No tak...miałam 47 lakierów do paznokci,a już się to zmieniło,mam 49 :D
Wczoraj kupiłam dwa kolejne w Essence,jednym z nich jest lakier pękający Cracking Top Coat,z Essence pękacza jeszcze nie testowałam :) Nie wiem jaką gamę kolorów mają pękacze w tej firmie,ale w sklepie u mnie były tylko dwa dostępne-srebrny i granatowy,wzięłam ten drugi.Jest on taki metaliczny,nie matowy,podoba mi się bardzo.A kosztował 7.99,więc póki co to najtańszy pękacz jaki widziałam :) Pęknięcia ma takie podłużne,nie łaciate-nie nakładałam go grubo.Fajnie wygląda ten kolor do dżinsów:) Mnie się podoba efekt,a Wam? :)
Na spodzie mam lakier z Avonu Vintage Blue :)

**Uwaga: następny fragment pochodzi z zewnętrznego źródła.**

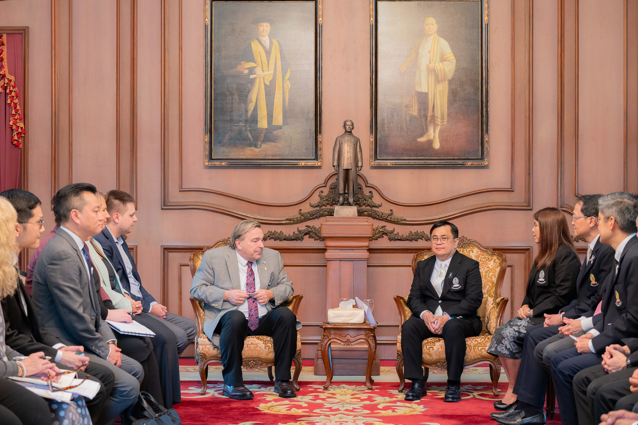 ศ.ดร.วิเลิศ ภูริวัชร อธิการบดีจุฬาลงกรณ์มหาวิทยาลัยให้การต้อนรับคณะผู้แทนจากประเทศแคนาดา นำโดย The Honourable Ken Cheveldayoff, Minister of Advanced Education, Government of Saskatchewan พร้อมด้วยผู้บริหารระดับสูงจาก the Government of Saskatchewan ผู้แทนจาก University of Saskatchewan และ Saskatchewan Polytechnic ตลอดจนเจ้าหน้าที่จากสถานเอกอัครราชทูตแคนาดาประจำประเทศไทย เมื่อวันที่ 27 กุมภาพันธ์ 2569 ณ ห้องรับรอง ชั้น 2 อาคารจามจุรี 4

podobają mi się te podłużne peknięcia :)
OdpowiedzUsuńkiedyś kiedyś go sobie kupię ;)
ładnie:)
OdpowiedzUsuńPęka w ładny sposób, spotkałam się z pękaczami, które dawały średni efekt ale nie wiem czy było to spowodowane słabą jakościa lakieru czy brakiem precyzji ;) Mnie się podoba!
OdpowiedzUsuńŚwietnie wygląda, lubię jak lakier pęka wzdłuż :)
OdpowiedzUsuńNie wiem czy te pęknięcia nie są też zależne od lakieru, który jest pod spodem. Ja mam czarny pękacz z essence i pęka normalnie, nie takie paski, tylko łatki się robią, ale na każdym lakierze wyglądają inaczej :)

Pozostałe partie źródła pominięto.